Западные области Никарагуа завоевывали в XVI веке испанцы, которые продвигались из Панамы и Коста-Рики вдоль Тихоокеанского побережья. Покоряя и истребляя индейские племена, закладывая города и крепости, конкистадоры уходили все дальше и дальше от Тихого океана. Устремляясь на восток, они оставляли позади обширные озера, плодородные равнины Чинандеги и Масаи, великолепные горные пастбища Матагальпы и Хинотеги. Когда одолели последние перевалы, с седловин открылась бесконечная сельва, уходящая за горизонт... Болота, растянувшиеся на десятки километров, реки с топкими берегами, мутные илистые потоки, кишащие крокодилами и змеями, воздух, напитанный мириадами насекомых... В этом краю их ждала смерть. Идти дальше испанцы не рискнули.
Спустя несколько десятилетий в лазурном мареве Атлантики показались белые паруса британских фрегатов. Англичане основали у самой кромки океана с полдюжины колоний, завезли с Ямайки негров-рабов и прочно, на века, обосновались на этой земле. Но идти в глубь джунглей не посмели и они. Правда, верные привычке таскать каштаны из огня чужими руками, сыны Альбиона нашли выход из положения. Северные районы будущего департамента Селайя населяло воинственное племя мискито. Обманом, подкупом вождей англичане сломили гордый дух индейцев и заставили их служить себе. Воины мискито, вооруженные английскими мушкетами, расправлялись с другими племенами, восстававшими против чужеземцев, воевали с испанцами, охраняли поселения англичан... А чтобы окончательно подчинить индейцев, британцы насаждали на Косте свой язык, религию, свои нравы и порядки.
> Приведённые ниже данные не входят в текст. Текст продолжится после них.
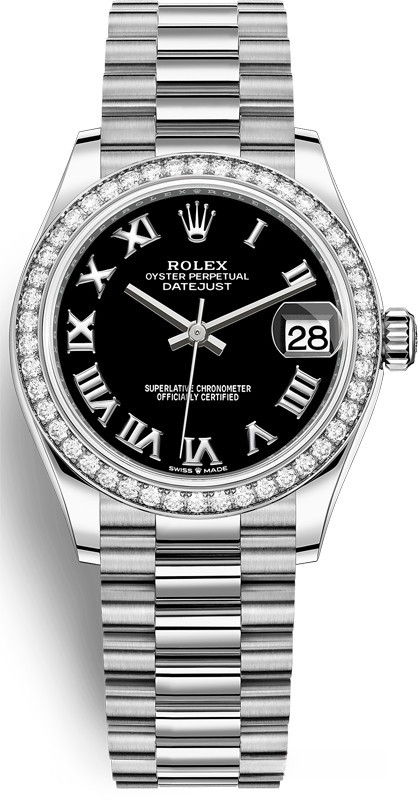 Водостойкие часы Rolex Datejust Datejust 31mm White Gold являются официально сертифицированным хронометром COSC, выпущены в круглом корпусе из белого золота 18к. Размер составляет 31 мм, водонепроницаемость 100 м. Внутри корпуса установлен автоматический механизм, Калибр 2236, обладающий запасом хода 55 часов. На черном циферблате отображаются часы, минуты, секунды, дата. Часы комплектуются браслетом из белого золота 18к с откидной застежкой. Безель из белых бриллиантов.

В 1821 году Никарагуа провозгласила независимость, а с 1838 года она стала самостоятельным государством. И тут же между США и Великобританией развернулась борьба за преобладающее влияние в Никарагуа. В Селайе было найдено золото и ценные породы деревьев, поэтому дядя Сэм не мог позволить Джону Булю в одиночку грабить эти богатства.
Шло время, но Коста по-прежнему оставалась изолированной от всей страны. Фактически это была все еще колония, которая лишь формально считалась никарагуанской территорией. Ни англичане, ни американцы, высасывая соки из страны, и не думали заботиться о развитии края. Зачем? Капиталы вкладывались исключительно в то, что сулило быстрое приумножение прибылей. Школы, больницы, дороги, электростанции — все это расценивалось как ненужная и вредная роскошь.
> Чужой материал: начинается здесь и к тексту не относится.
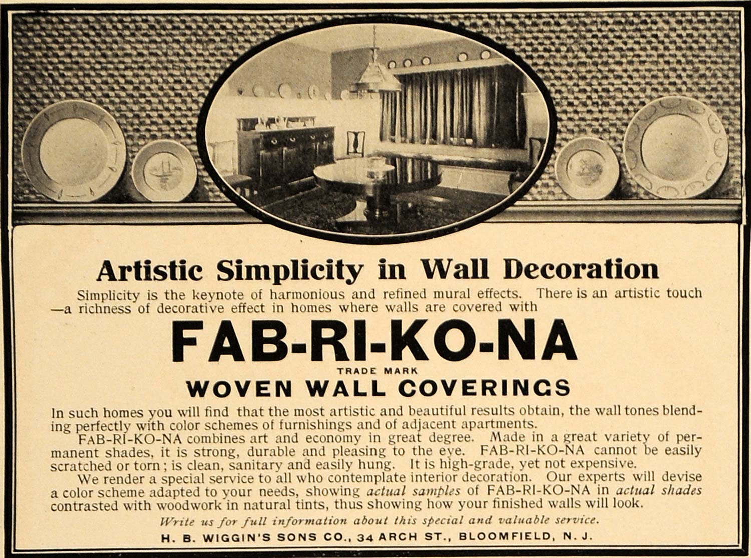 This is an original 1907 black and white print ad for the FAB-RI-KO-NA Woven Wall Coverings from H. B. Wiggin's Sons Company located at 34 Arch Street, Bloomfield, New Jersey.

До сих пор в Селайе нет асфальтированных дорог. До сих пор Селайя живет на привозимых с Запада продуктах: янки не утруждали себя развитием сельского хозяйства, не желали тратить силы и средства на борьбу с сельвой, и уж вовсе не входило в их планы приобщение индейцев к земледелию. Самих индейцев рассматривали исключительно как даровую рабочую силу. Селайя обладает богатейшими гидроресурсами, но до сих пор немногочисленные, с устаревшим, изношенным оборудованием электростанции работают на привозной нефти. В Селайе нет телевидения, типографий. В огромном департаменте, по площади превышающем Швейцарию,— всего три кинотеатра. Отсталость... Чудовищная отсталость — экономическая и культурная... Таково наследие, полученное Никарагуа от империализма.
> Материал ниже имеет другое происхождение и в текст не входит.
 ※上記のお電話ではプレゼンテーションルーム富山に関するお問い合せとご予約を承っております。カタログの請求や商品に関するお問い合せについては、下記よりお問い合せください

Сюда еще нужно добавить и отсталость политическую. Ведь вследствие изолированности, этнической, языковой и религиозной обособленности Селайя не переживала таких социальных бурь, как западные департаменты. До сандинистской революции все, чем жила Селайя, привозилось не из Никарагуа, а из Соединенных Штатов. Американские доллары, американские продукты, американское мировоззрение...
Сразу же после победы революции демократическое правительство национального возрождения решило сломать барьер, отделяющий Селайю от всей страны. Вот именно тогда и были совершены определенные ошибки, которыми воспользовались враги революции.
— Понимаешь, нашлись горячие головы, эдакие «ультрареволюционеры»,— рассказывает Хосе.— Не узнав индейцев, не познакомившись толком с укладом жизни мискито, с их историей, с особенностями края, в обязательном порядке попытались всех сделать революционерами. А когда это не получилось, объявили индейцев — всех поголовно — врагами. Тут-то и повылезали из щелей настоящие контрас — сомосовцы, агенты ЦРУ... Они стали забивать головы индейцам антисандинистской пропагандой. Словом, дорого мы заплатили за «революционный угар» некоторых деятелей. Но сейчас ситуация в корне изменилась. Многое сделано для улучшения жизни мискито, вообще для Селайи. Потому большинство населения теперь с нами.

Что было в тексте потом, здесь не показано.